Required action: Return the stretch from the line with "Attention, dernière année" through the line with "Breite: 59 cmHöhe: 78" in the data below, character for character, skipping all pictures.

Information:
++++++

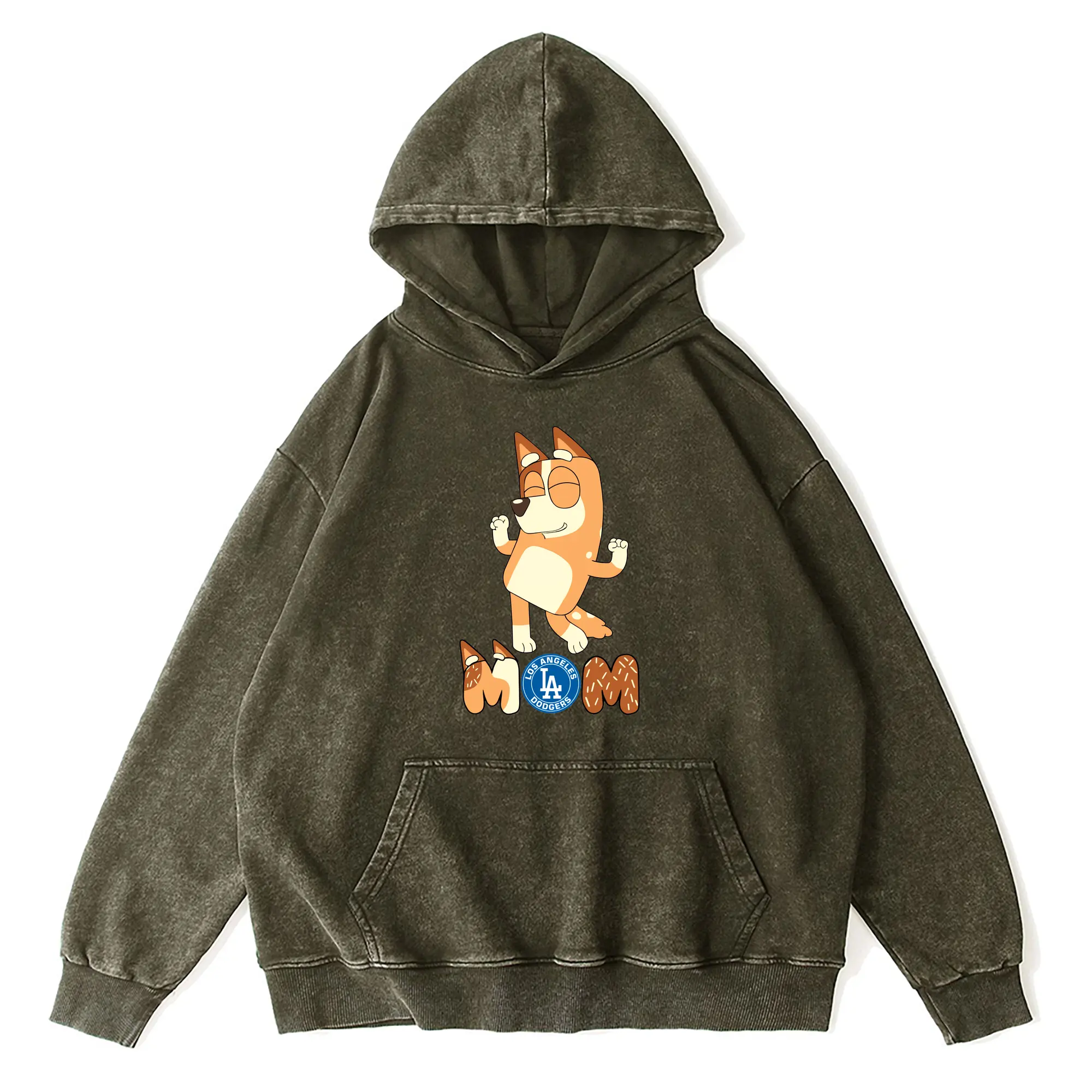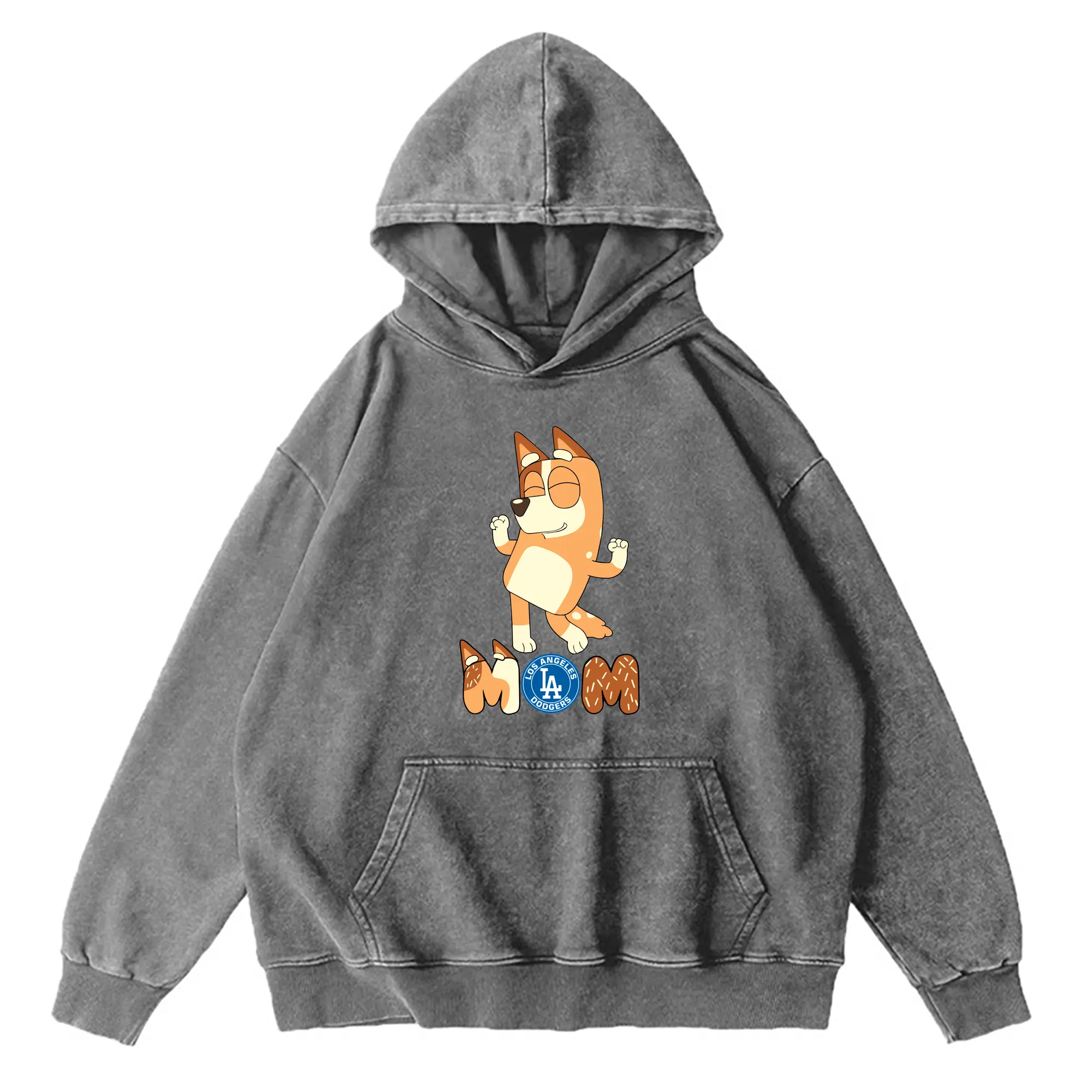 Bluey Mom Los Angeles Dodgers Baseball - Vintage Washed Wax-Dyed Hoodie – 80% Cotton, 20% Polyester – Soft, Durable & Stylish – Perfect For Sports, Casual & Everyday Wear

++++++

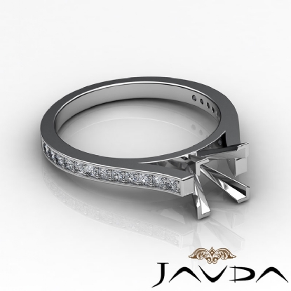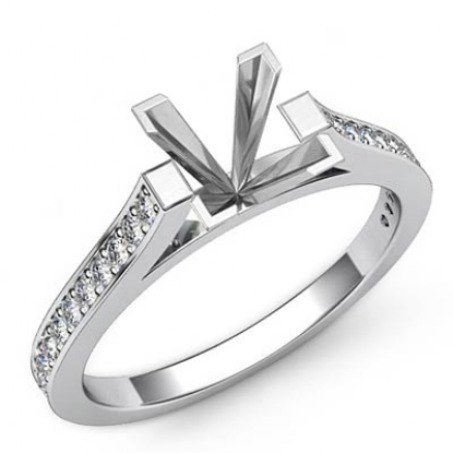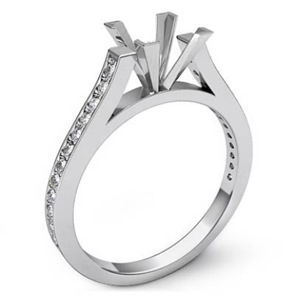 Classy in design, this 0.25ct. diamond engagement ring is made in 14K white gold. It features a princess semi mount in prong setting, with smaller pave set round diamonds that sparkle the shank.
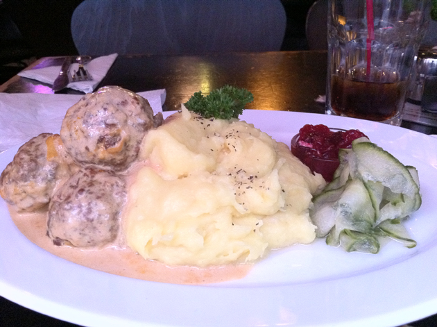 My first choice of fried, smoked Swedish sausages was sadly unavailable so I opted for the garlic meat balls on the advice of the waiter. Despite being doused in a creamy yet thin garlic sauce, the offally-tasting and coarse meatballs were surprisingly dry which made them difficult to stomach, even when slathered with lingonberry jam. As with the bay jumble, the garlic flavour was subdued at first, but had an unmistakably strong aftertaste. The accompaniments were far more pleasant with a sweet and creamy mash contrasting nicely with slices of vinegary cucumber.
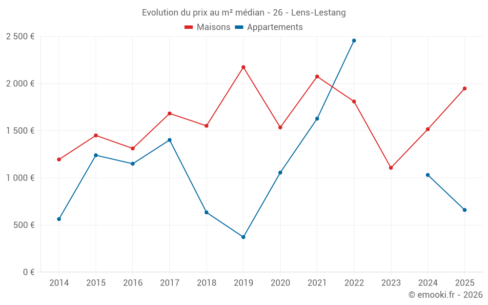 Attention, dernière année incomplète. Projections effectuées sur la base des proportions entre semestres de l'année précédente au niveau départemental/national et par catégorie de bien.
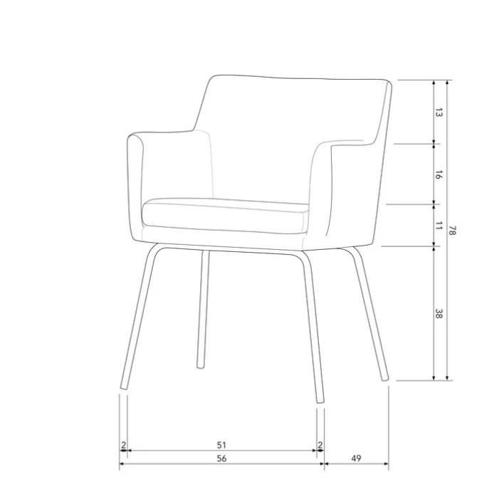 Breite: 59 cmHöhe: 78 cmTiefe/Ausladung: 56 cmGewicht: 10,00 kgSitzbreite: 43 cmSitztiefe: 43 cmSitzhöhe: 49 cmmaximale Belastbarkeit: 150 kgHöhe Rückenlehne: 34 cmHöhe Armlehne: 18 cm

++++++

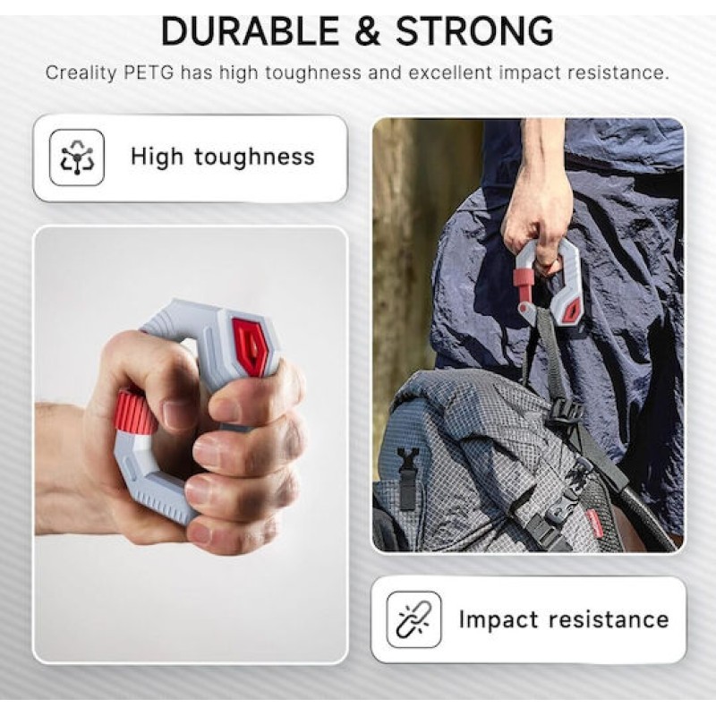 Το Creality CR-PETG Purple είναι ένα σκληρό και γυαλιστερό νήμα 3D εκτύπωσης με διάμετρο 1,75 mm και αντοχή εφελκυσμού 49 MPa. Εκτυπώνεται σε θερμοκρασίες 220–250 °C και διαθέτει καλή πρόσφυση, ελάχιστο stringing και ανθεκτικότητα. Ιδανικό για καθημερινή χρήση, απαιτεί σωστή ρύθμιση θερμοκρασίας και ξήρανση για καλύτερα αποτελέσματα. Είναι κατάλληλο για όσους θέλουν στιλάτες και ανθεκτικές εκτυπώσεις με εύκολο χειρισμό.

++++++

Reply to the exercise:
 Attention, dernière année incomplète. Projections effectuées sur la base des proportions entre semestres de l'année précédente au niveau départemental/national et par catégorie de bien.
 Breite: 59 cmHöhe: 78 cmTiefe/Ausladung: 56 cmGewicht: 10,00 kgSitzbreite: 43 cmSitztiefe: 43 cmSitzhöhe: 49 cmmaximale Belastbarkeit: 150 kgHöhe Rückenlehne: 34 cmHöhe Armlehne: 18 cm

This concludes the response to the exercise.